You know the feeling — you don’t know what you want to watch. Forty-five minutes of negotiations. A shortlist narrowed to three. A reluctant consensus.

Then you open Netflix.

And there it is.

Whatever we had planned to watch that night disappeared. The moment I saw Claes Bang as Dracula, the decision was made.

I had never heard of him before. That didn’t matter. One look and I knew: this was the role.

It turns out I have very specific opinions about Count Dracula — who he is, how he moves, how he speaks, what he wears, what he doesn’t tolerate. I don’t argue about much, but Dracula is not one of those things.

Bang’s performance locked something into place. Not because it replaced the past — Bela Lugosi’s charm is untouchable, Christopher Lee’s menace undeniable — but because it felt intentional. Controlled. Dangerous.

Claes in BBC's Dracula (2020), episodes one, two, and three from left to right

The 2020 series deserves credit for that balance. Dolly Wells and John Heffernan delivered performances that grounded the chaos. Steven Moffat and Mark Gatiss walked the line between reverence and reinvention with confidence. The first two episodes are nearly surgical in their execution. The third — divisive, modern, irreverent — takes a risk.

I admired that.

Because it did what adaptation should do: it honored the source without being trapped by it.

And that’s when the question began.

If I were going to write Dracula, how would I do it?

What would I preserve? What would I refuse?

How far could I push the mythology without breaking it?

The ideas came fast. Notes became outlines. Outlines became structure.

At first, I couldn’t decide where to set it — medieval or modern. Both timelines demanded attention.
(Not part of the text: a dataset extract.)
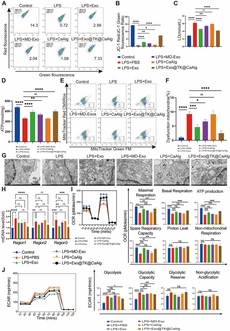 图4. Exo@TK@CaAlg水凝胶微球恢复小鼠肺泡巨噬细胞的线粒体功能

Eventually, I realized there was only one way forward: begin at the beginning. Let the past earn the future. Let the origin speak before the aftermath.

So I started with questions.

What happened between Dracula and the Church?

Why the crucifix — and not other sacred symbols? If Dracula represents evil in its purest form, shouldn’t any emblem of divinity provoke the same reaction?

The specificity suggests history. Conflict. A fracture point.

So I wrote it.

Who was Dracula’s mystery lover referenced in Stoker’s novel? 

Then there was the line in Stoker’s novel that refuses to be ignored.

“You yourself never loved. You never love!”

And Dracula’s quiet reply:

“Yes, I too can love… you yourselves can tell it from the past.”

That’s not a throwaway line. That’s a door.

Adaptations have flirted with it — usually through Mina, usually through a triangle that feels convenient rather than satisfying.

There is a story in that whisper. A real one. So I wrote the love story I believed belonged there.